-- Excerpted records follows --
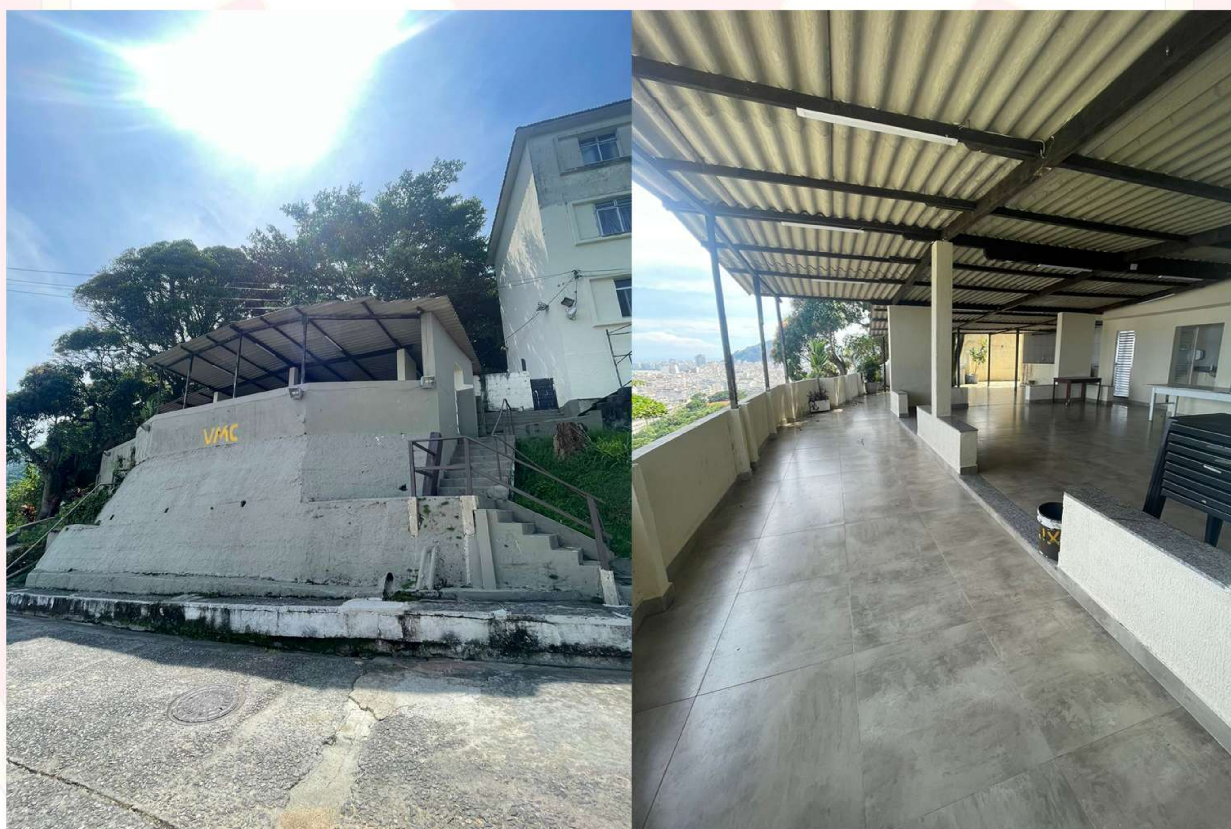
Salão de festa da Vila Militar de Copacabana
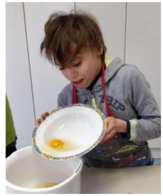
Muffins mit Kakao oder Birnenstücken
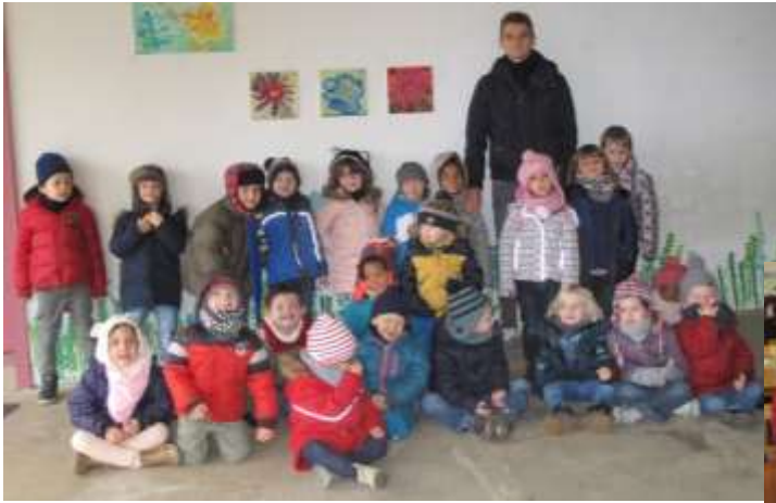
← Classe de FAILLY – Maternelles M. LANG

Cette année, les élèves du regroupement pédagogique sont répartis entre 4 écoles : 45 élèves en maternelle sont à Faily répartis dans 2 classes, 17 élèves de CP et 7 élèves de CE1 sont à Malroy, 12 élèves de CE1 et 16 élèves de CE2 sont à Vany, 12 élèves de CM1 et 16 élèves de CM2 sont à Servigny-lès-Sainte-Barbe.
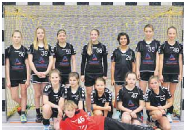
Die D-Jugend Mädels der OSG schlossen die Handballsaison mit einem Sieg gegen Wildau erfolgreich ab.

D-Jugend bestritt letztes Punktspiel der Saison
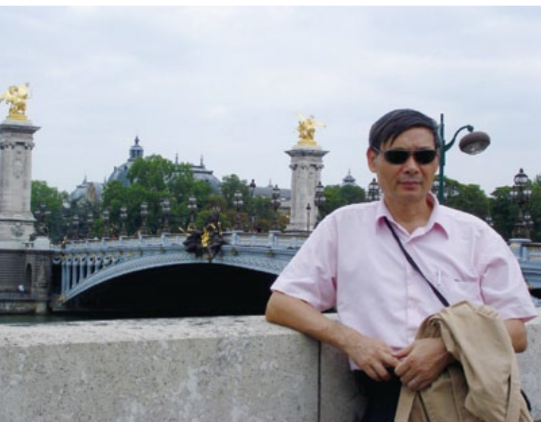
1 詩人胡爾泰於塞納河畔留影。

胡爾泰出身學院，文化史與宗教史係其研究專業，其乃學院中少數能左手寫現代詩與古詩，右手寫史學文章的能手。其詩作質量精純，文字細膩，時而浪漫感性，時而冷峻慧點，散發出深厚的文化底蘊與歷史意識，可謂詩壇之「文字遊俠」。詩中常以歷史傷痕、鄉愁懷舊、逍遙狂想、樂園意識、美感追尋為主題，洋溢著歷史縱深與人文關懷深度，以及嚴肅、理性的思辯。
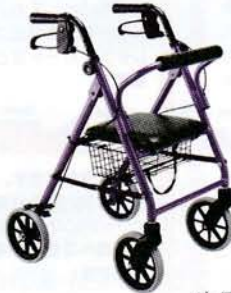
パープルメタリック
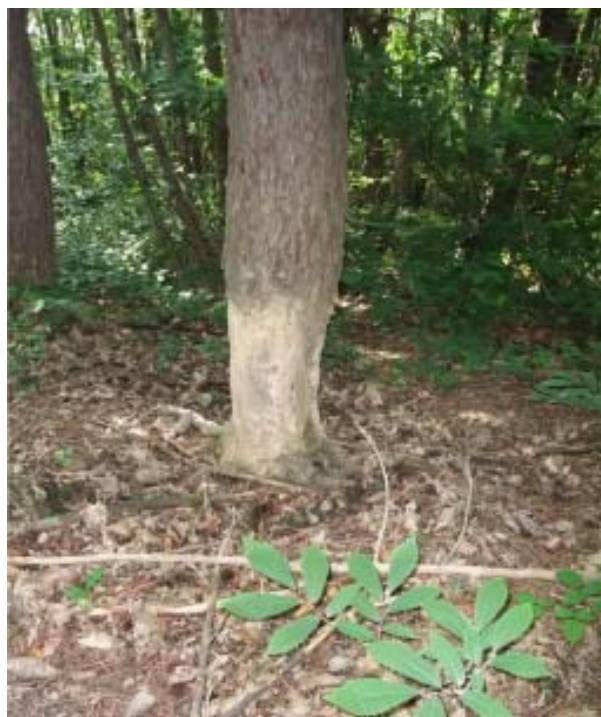
Fig. 2 La pozza dei cinghiali sulle pendici del Monte Penna, con (sopra) il tronco di un castagno assottigliato per l'abitudine di questi animali di sfregarsi nel tentativo di liberarsi dal fango dopo essersi rotolati nelle acque melmose.
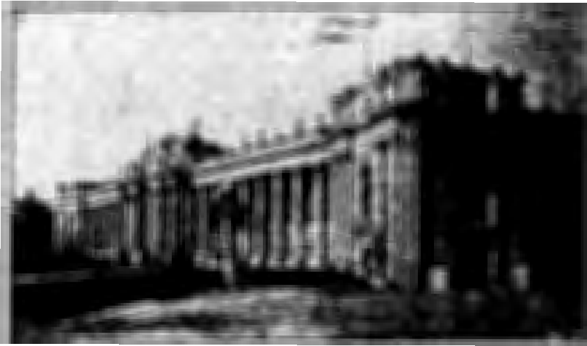
قصر التعليم من جبهة اخرى
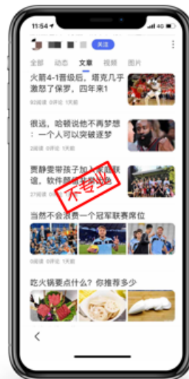
非权威站点 账号 发布健康医疗内容
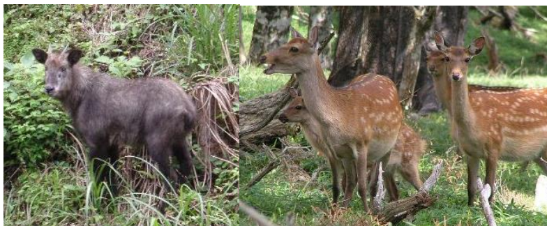
カモシカ（青で斜線）
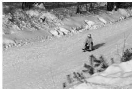
Б – санный спуск
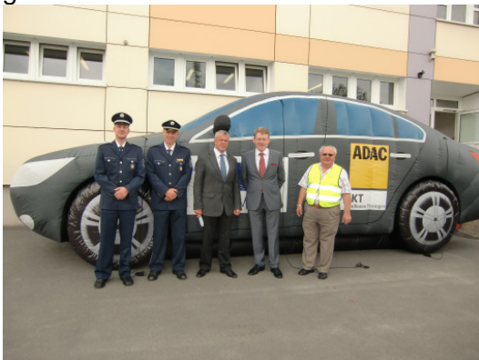
2.v.l. Minister Christian Carius TMBLV zeigte sich sehr beeindruckt von der „Größe“ des Autos

Zum Schulanfangsaktionstag am 26.08.2010 in Pößneck kam das Airdisplay zum ersten großen Einsatz
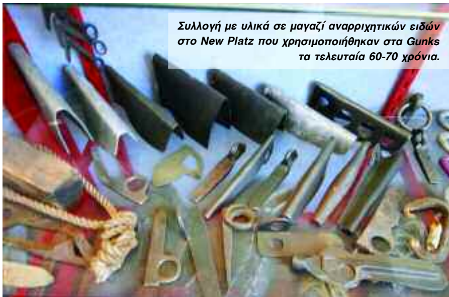
Συλλογή με υλικά σε μαγαζί αναρριχητικών ειδών στο New Platz που χρησιμοποιήθηκαν στα Gunks τα τελευταία 60-70 χρόνια.
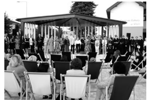
Wydarzenie integruje różne środowiska gminy Miedźna
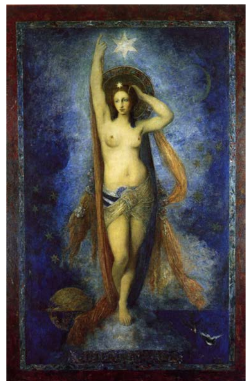
Stella Matutina, Georges Rouault, 1895
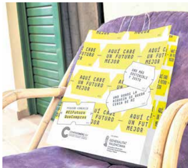
Bosses de promoció de Confecomercç.

Entre els objectius d'esta associació, considerada la més important de la Comunitat Valenciana en este àmbit, està el d'afavorir la participació dels seus associats per tal d'aconseguir accions en comú que potencien el sector del comerç de proximitat.
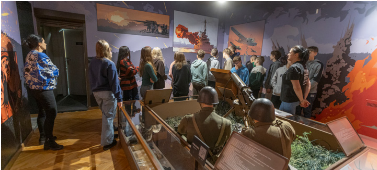
Młodzież podczas warsztatów w Muzeum Wojska w Białymstoku.

Warsztaty mogą być realizowane z uczniami ostatnich klas szkoły podstawowej oraz uczniami szkół ponadpodstawowych.
-- Excerpted records concluded --
» **Aim of the task**
Locate the word "Jugend" in the records and collect each line it appears in.

» **Finished task**
Die D-Jugend Mädels der OSG schlossen die Handballsaison mit einem Sieg gegen Wildau erfolgreich ab.
D-Jugend bestritt letztes Punktspiel der Saison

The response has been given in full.